Tuesday, December 14, 2010

Is Everything Miscellaneous?

     Been reading "Everything is Miscellaneous" by David Weinberger recently. It's pretty good; it helped me understand some things about the Web/Internet that I hadn't understood, or hadn't appreciated, before. One thing is Wikipedia. He showed how its community generated entries, when controversial and fought over, will eventually come to a consensus on the entry and the vocabulary to describe it. Of course, this pushed my centrist, compromising, consensus-builder buttons big time. But even after slowing down and thinking it over, I still agree that this technique will produce valid knowledge at least as often as reliance on experts. God knows "experts" have pulled some amazing stunts in the past; that's a source of material for lots of web sites and stand-up comedy routines. But Weinberger, like most writers on new technology, seems to take the technology he writes about (the WWW) as the only source of all truth, beauty and goodness. He seems to me to say that in this brave new world knowledge itself is different and better. He throws around the phrase "third order", short for third order of knowledge, with great gusto; the Web has made all things new.


     Not that Third Order doesn't make a lot of sense. The first two orders of knowledge can be summarized as data (descriptions of the real world) first, and metadata (data describing data) second. Both of these orders have definite limitations. Weinberger's favorite example of metadata is the Dewey Decimal Classification, especially as implemented in the good old card catalog. These two, while they are vast improvements over simple lists of books, have definite limits to their usefulness.
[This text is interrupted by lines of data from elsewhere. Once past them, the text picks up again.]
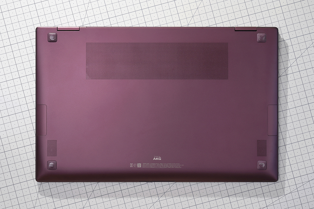 바닥을 살펴보면 모서리 부분에 고무 지지대가 배치되어 있어서 책상 위에서 잘 미끄러지지 않도록 디자인되었습니다. 그리고 아래쪽의 좌우에는 AKG 스테레오 스피커(Max 5Wx2) 스피커가 배치되어 있습니다.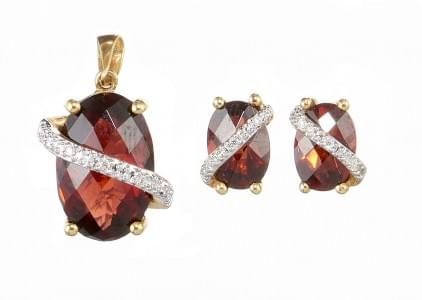 4177. Lot d'un pendentif et de clous d'oreilles sertis de grenats tail...
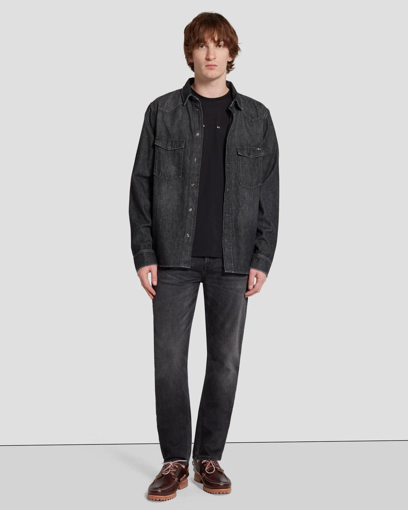 Our new Everyday 7 line is a nod to classic denim with its structured design and sturdy handfeel. Coming in a classic black and featuring our signature 7 squiggle embroidery on the back pockets, our popular Slimmy fit creates a look that’s streamlined but not too skinny.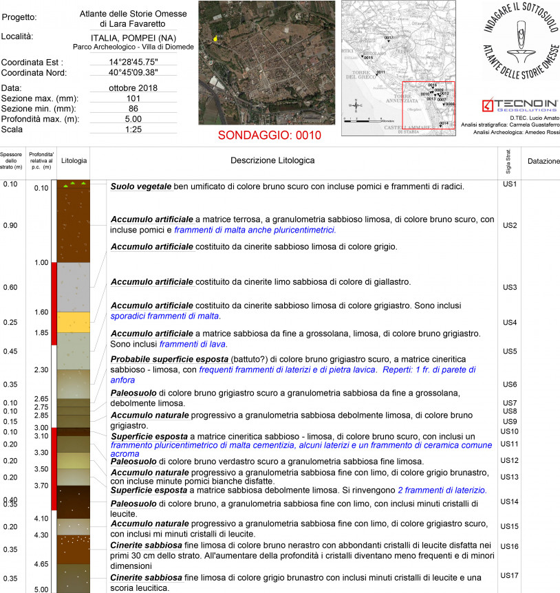 Il punto di indagine 0010 è ubicato all’interno del Parco Archeologico di Pompei, in prossimità della Villa di Diomede, e più precisamente nel settore esterno a Porta Ercolano, dinanzi al portico situato lungo il versante nord-orientale della strada di via dei Sepolcri. La penultima bottega (n. 29), presso cui è stato ubicato il sondaggio, è stata identificata come il laboratorio di un vasaio, collegato ad altri ambienti di lavorazione.

He describes these limits as inevitable consequences of their physicality. I find it a persuasive argument. The card catalog is especially convincing. When I was young it was how you found anything in the library, and it had limits. Subject terms have to be assigned by an educated professional, and if too many books have too many subject terms, the catalog swells to unusability. Conversely, when you kept the catalog to a manageable size you inevitably left out a lot of useful information. Plus, having studied indexing myself, I know that the best educated expert in the world can’t anticipate everyone’s needs.

     It is certainly true that new information technology has enabled a drastic increase in what is possible and what is practical. On the Internet we are not hobbled by many of the physical limits on how we link things, and how we label them. But he sometimes seems to me too rapturous about what these changes and new powers mean. He almost seems to say that reality itself has been re-created. To be fair, he explicitly denies that in the last chapter, but his re-definition of "knowledge" is still much too sweeping for my taste.

     Probably my biggest beef with the book is the chapter in which he states that meaning is now a social process. I don't buy that, at least not without a whole lot of nuancing and limitations. It reminded me of a humorous article from many years ago, when I was writing SPSS jobs for UD faculty research projects. SPSS stands for Statistical Package for the Social Sciences. It had commands to perform statistical calculations specially designed for social science research. You would usually start with a GET FILE command, to fetch the file of data you wish to analyze. Surveys and other such data-gathering instruments and techniques usually have gaps, where for instance a respondent declined to answer a question. In such cases you would enter a special number, and then tell the system to treat occurrences of this number as missing, not real data. The command ASSIGN MISSING did this.

     This article started out by observing that sometimes, sociological research just doesn't go well. You blow through a whole pile of grant money, and nothing correlates, regresses, or lines up with anything else. So he invented some new SPSS commands for when this happens. Instead of GET FILE, use FAKE FILE. You enter the variables and the coefficients you want, and the system generates a data set where everything fits the way it should. Way easier and cheaper, right? But this is a data set with no meaning. So, use the ASSIGN MEANING command. After each variable name, enter a description of its meaning. There; perfect research every time. Of course, the journal editors or referees might balk at "fake data." So you describe your data set as "stochastically inferred data." Problem solved!

     I can't hear anything about "assigning meaning" without flashing back to that article, and I just can't take the concept seriously. But this post is long enough; maybe I'll ruminate sometime about meaning, and what it means.